▶ _EXERCISE_
Print the lines below from the line with "Einmal aus niedlichen" to the line with "写真左:新原 芳明(呉市長)、写真右:太田 信夫(株式会社ヴァル研究所 代表取締役)" exactly, keeping both ends, and print no pictures.

▶ _DATA FOR THE TASK_
****************

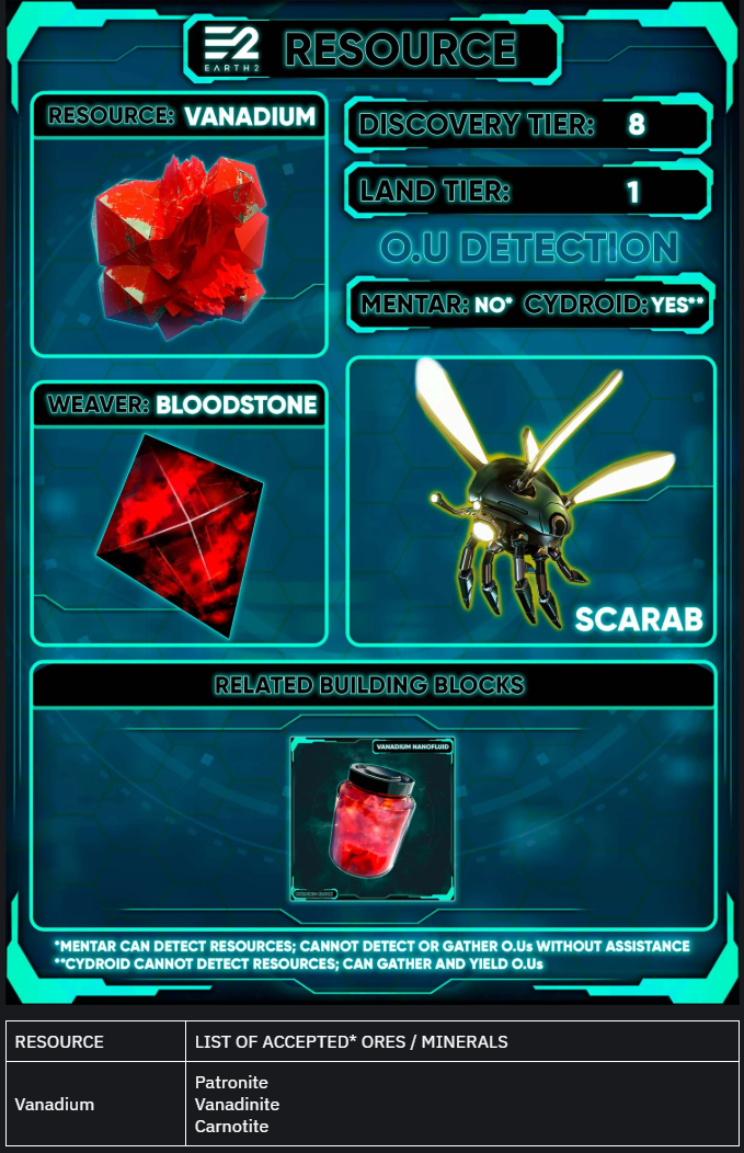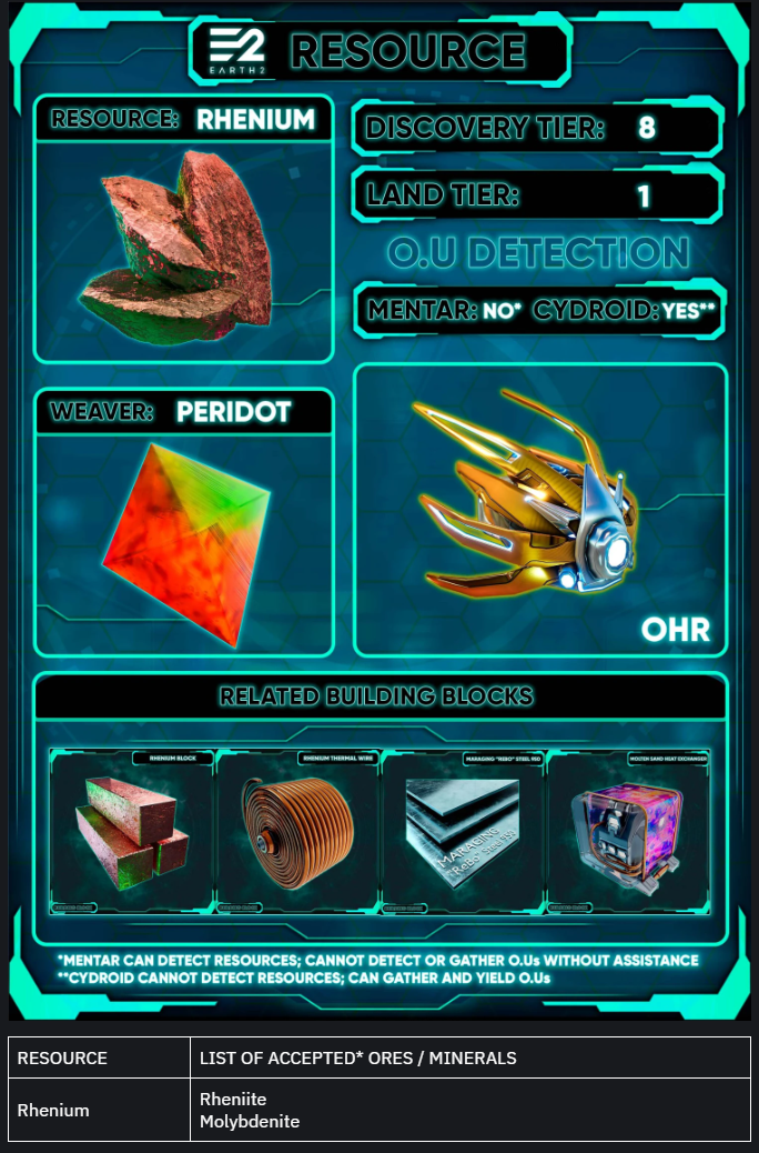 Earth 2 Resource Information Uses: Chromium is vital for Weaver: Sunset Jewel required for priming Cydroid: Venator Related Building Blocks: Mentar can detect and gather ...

****************

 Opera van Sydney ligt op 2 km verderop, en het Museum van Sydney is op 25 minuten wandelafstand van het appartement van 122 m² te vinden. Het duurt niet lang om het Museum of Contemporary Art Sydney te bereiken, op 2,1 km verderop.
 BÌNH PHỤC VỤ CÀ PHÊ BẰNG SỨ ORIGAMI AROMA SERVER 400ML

****************

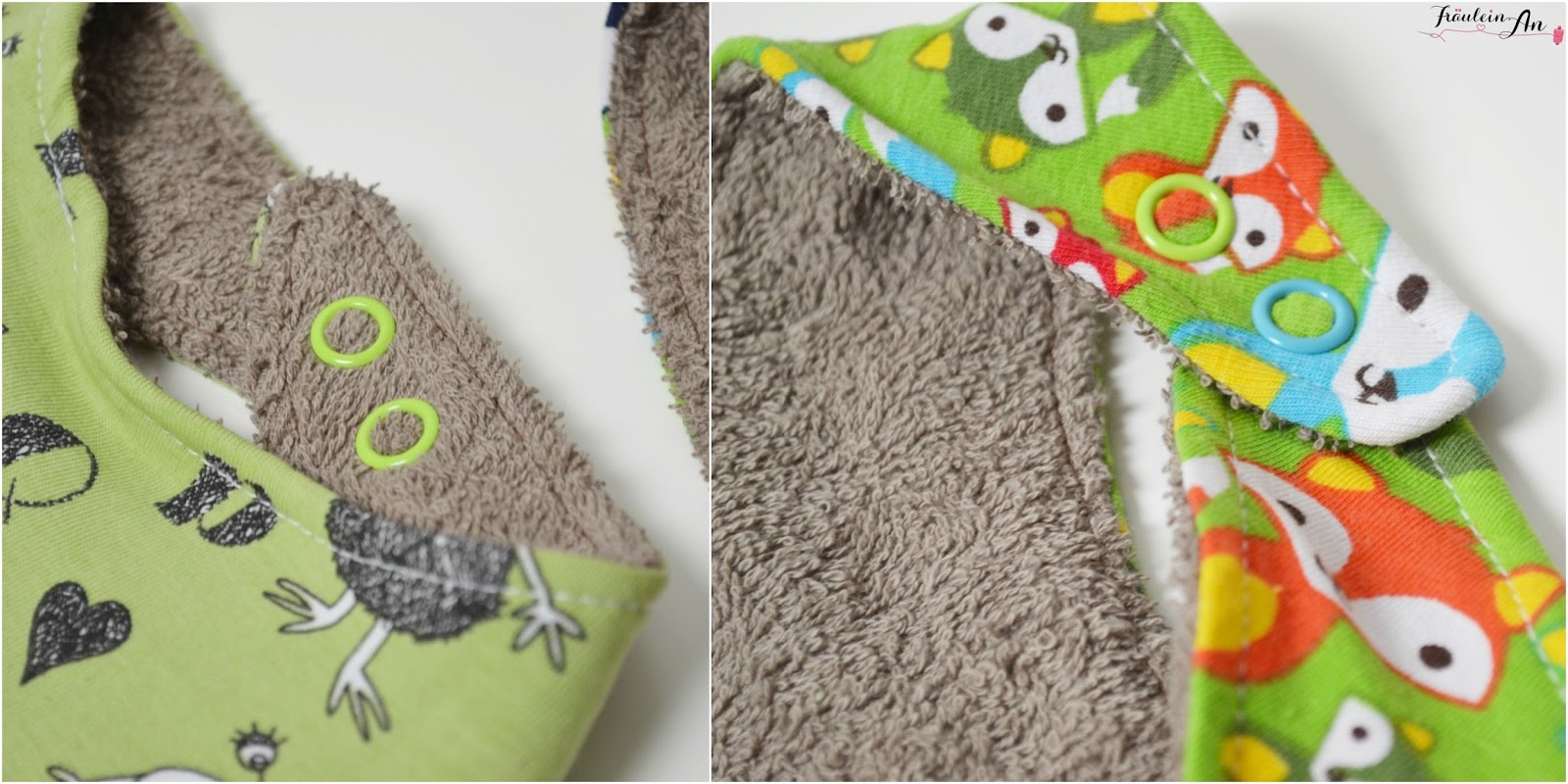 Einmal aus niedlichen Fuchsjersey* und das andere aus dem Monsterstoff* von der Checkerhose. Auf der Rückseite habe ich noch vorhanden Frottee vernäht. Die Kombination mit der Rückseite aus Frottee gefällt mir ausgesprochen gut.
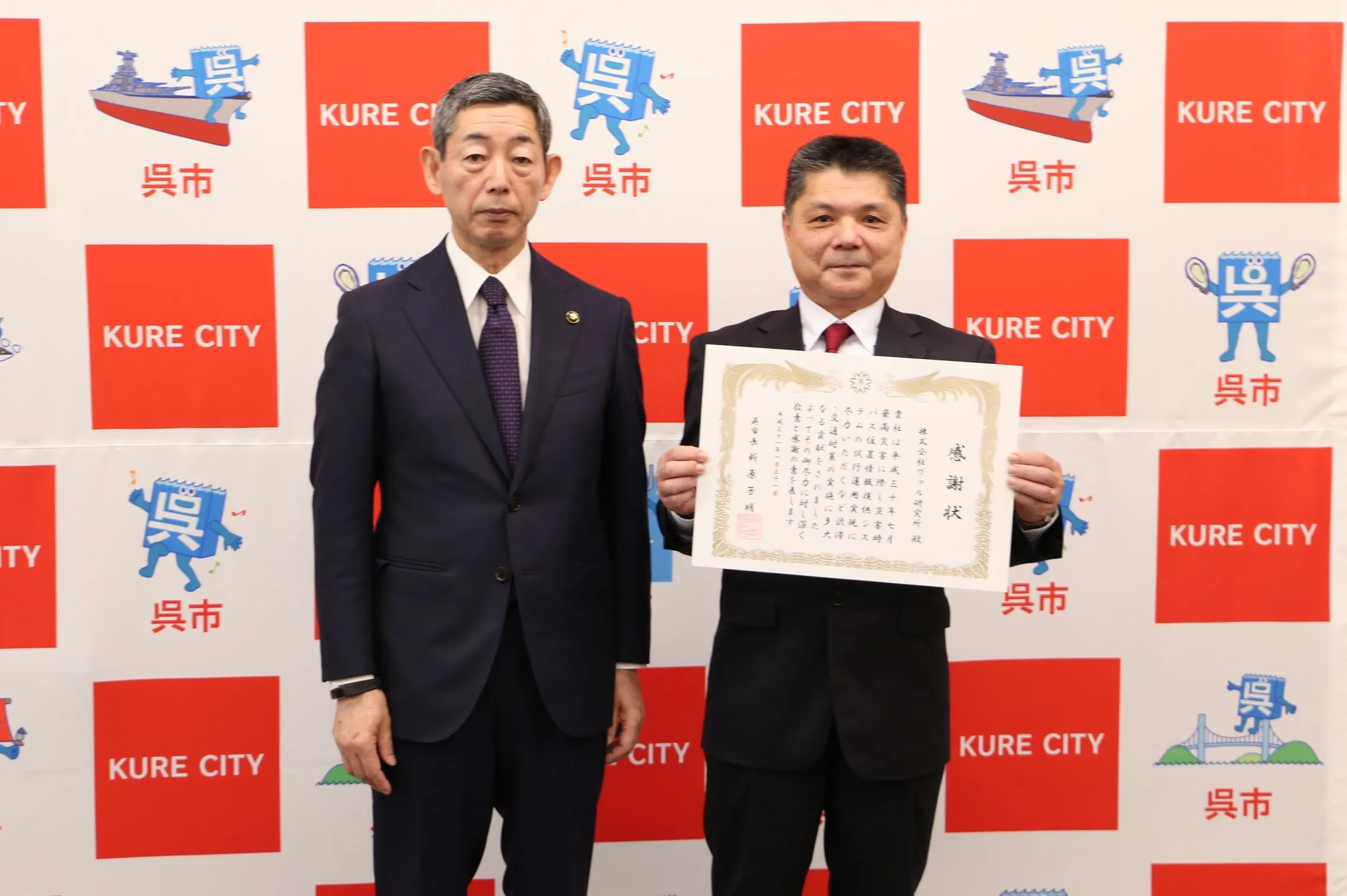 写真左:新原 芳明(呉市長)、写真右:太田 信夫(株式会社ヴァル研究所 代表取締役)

****************

▶ _COMPLETED EXERCISE_
 Einmal aus niedlichen Fuchsjersey* und das andere aus dem Monsterstoff* von der Checkerhose. Auf der Rückseite habe ich noch vorhanden Frottee vernäht. Die Kombination mit der Rückseite aus Frottee gefällt mir ausgesprochen gut.
 写真左:新原 芳明(呉市長)、写真右:太田 信夫(株式会社ヴァル研究所 代表取締役)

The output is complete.